Top of THE INPUT

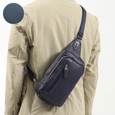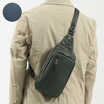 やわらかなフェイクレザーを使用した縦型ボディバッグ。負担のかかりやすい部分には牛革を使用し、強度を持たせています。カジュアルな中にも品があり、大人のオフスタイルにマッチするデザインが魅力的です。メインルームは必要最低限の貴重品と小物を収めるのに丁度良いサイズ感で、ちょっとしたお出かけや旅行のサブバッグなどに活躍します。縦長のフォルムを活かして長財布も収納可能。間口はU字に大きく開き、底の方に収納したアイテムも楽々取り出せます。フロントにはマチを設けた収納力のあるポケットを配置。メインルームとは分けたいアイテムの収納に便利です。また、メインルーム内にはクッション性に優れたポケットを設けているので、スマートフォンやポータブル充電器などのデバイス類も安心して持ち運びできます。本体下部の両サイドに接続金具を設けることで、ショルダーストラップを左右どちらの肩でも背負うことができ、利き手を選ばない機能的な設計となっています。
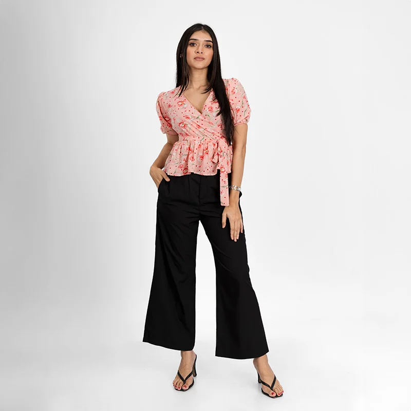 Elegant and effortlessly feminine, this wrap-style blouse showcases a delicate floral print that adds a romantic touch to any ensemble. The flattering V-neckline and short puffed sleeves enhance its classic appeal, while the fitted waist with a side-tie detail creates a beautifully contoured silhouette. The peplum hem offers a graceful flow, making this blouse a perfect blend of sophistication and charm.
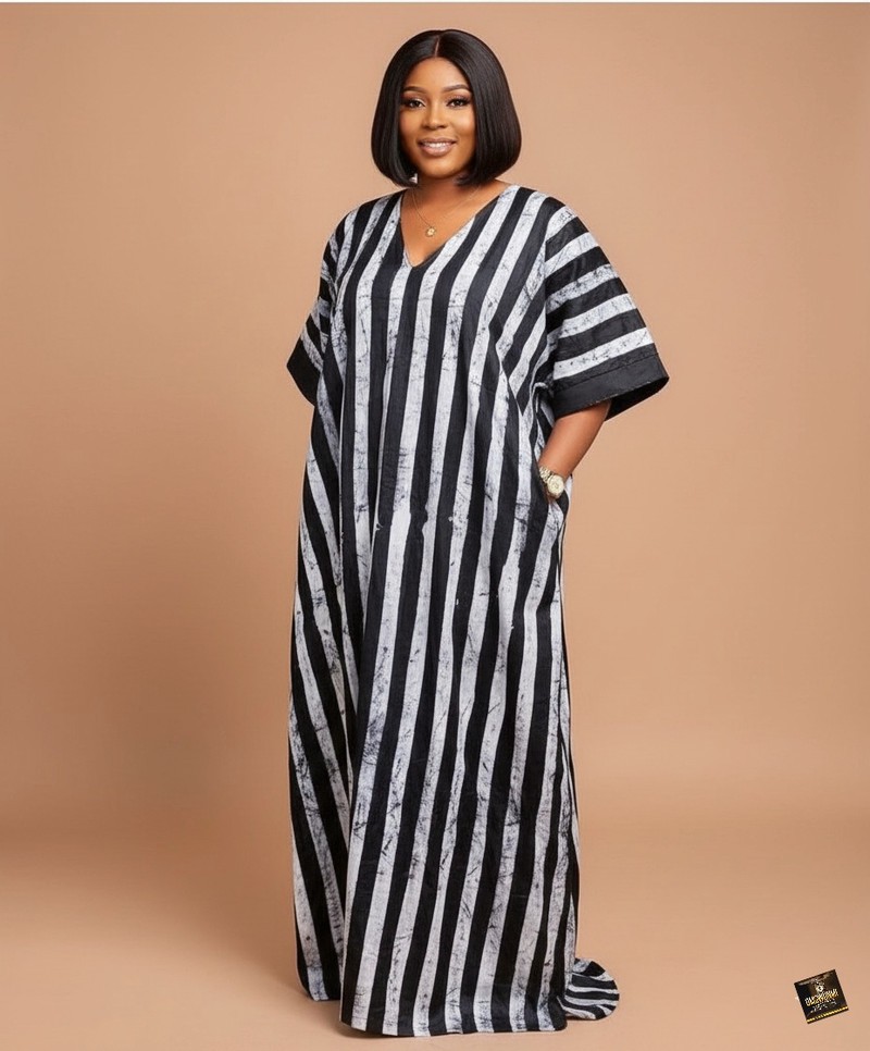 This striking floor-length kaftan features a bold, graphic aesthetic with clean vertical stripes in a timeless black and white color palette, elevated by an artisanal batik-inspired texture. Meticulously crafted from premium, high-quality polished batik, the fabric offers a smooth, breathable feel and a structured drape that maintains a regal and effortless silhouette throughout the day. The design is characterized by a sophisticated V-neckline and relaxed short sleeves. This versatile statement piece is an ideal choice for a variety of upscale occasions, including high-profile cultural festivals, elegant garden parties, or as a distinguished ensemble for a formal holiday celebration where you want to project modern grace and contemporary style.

Bottom of THE INPUT
Top of THE INPUT

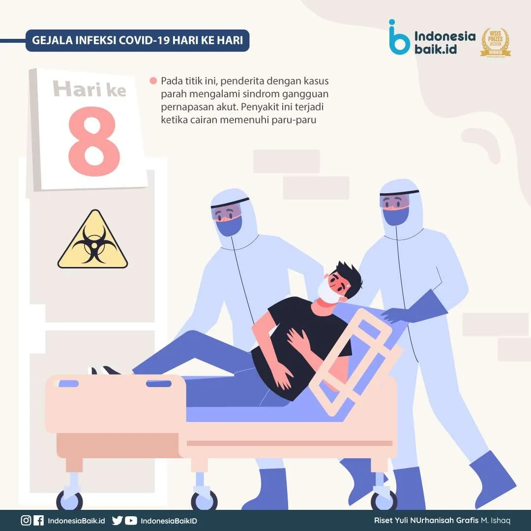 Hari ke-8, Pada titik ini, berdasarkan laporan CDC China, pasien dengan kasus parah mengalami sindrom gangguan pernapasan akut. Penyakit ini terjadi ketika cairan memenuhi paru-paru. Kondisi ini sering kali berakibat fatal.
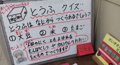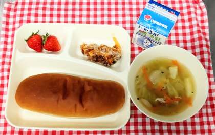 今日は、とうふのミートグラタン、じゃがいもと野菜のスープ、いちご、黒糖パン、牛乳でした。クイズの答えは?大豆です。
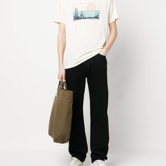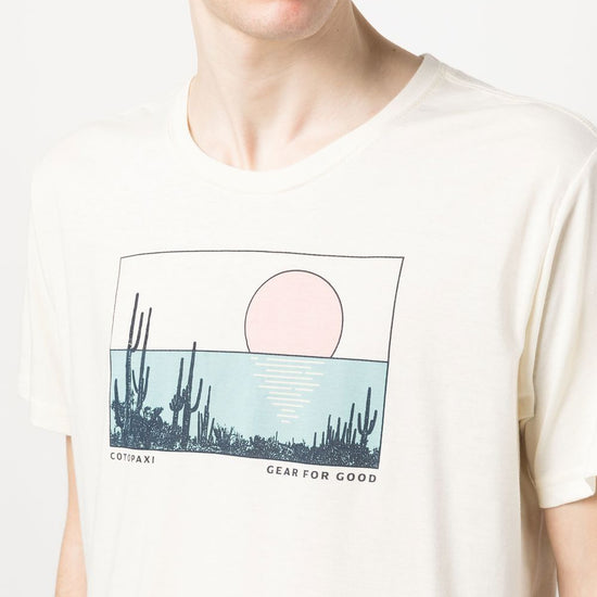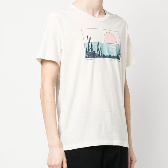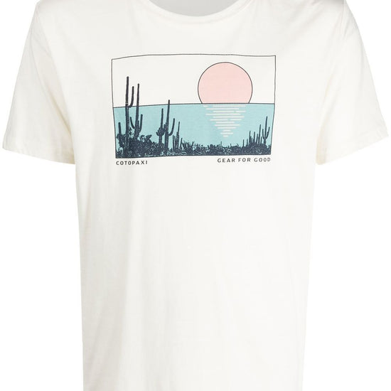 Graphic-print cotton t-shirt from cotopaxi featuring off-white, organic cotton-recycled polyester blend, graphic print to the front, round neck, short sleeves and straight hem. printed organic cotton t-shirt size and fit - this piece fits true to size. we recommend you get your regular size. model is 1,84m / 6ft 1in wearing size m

Bottom of THE INPUT

**WORK TO BE COMPLETED**
When you reach the line that has "やわらかなフェイクレザーを使" in the data above, start repeating lines exactly, and stop after the line that has "Elegant and effortlessly"; pictures stay out.

**RESPONSE BOX**
 やわらかなフェイクレザーを使用した縦型ボディバッグ。負担のかかりやすい部分には牛革を使用し、強度を持たせています。カジュアルな中にも品があり、大人のオフスタイルにマッチするデザインが魅力的です。メインルームは必要最低限の貴重品と小物を収めるのに丁度良いサイズ感で、ちょっとしたお出かけや旅行のサブバッグなどに活躍します。縦長のフォルムを活かして長財布も収納可能。間口はU字に大きく開き、底の方に収納したアイテムも楽々取り出せます。フロントにはマチを設けた収納力のあるポケットを配置。メインルームとは分けたいアイテムの収納に便利です。また、メインルーム内にはクッション性に優れたポケットを設けているので、スマートフォンやポータブル充電器などのデバイス類も安心して持ち運びできます。本体下部の両サイドに接続金具を設けることで、ショルダーストラップを左右どちらの肩でも背負うことができ、利き手を選ばない機能的な設計となっています。
 Elegant and effortlessly feminine, this wrap-style blouse showcases a delicate floral print that adds a romantic touch to any ensemble. The flattering V-neckline and short puffed sleeves enhance its classic appeal, while the fitted waist with a side-tie detail creates a beautifully contoured silhouette. The peplum hem offers a graceful flow, making this blouse a perfect blend of sophistication and charm.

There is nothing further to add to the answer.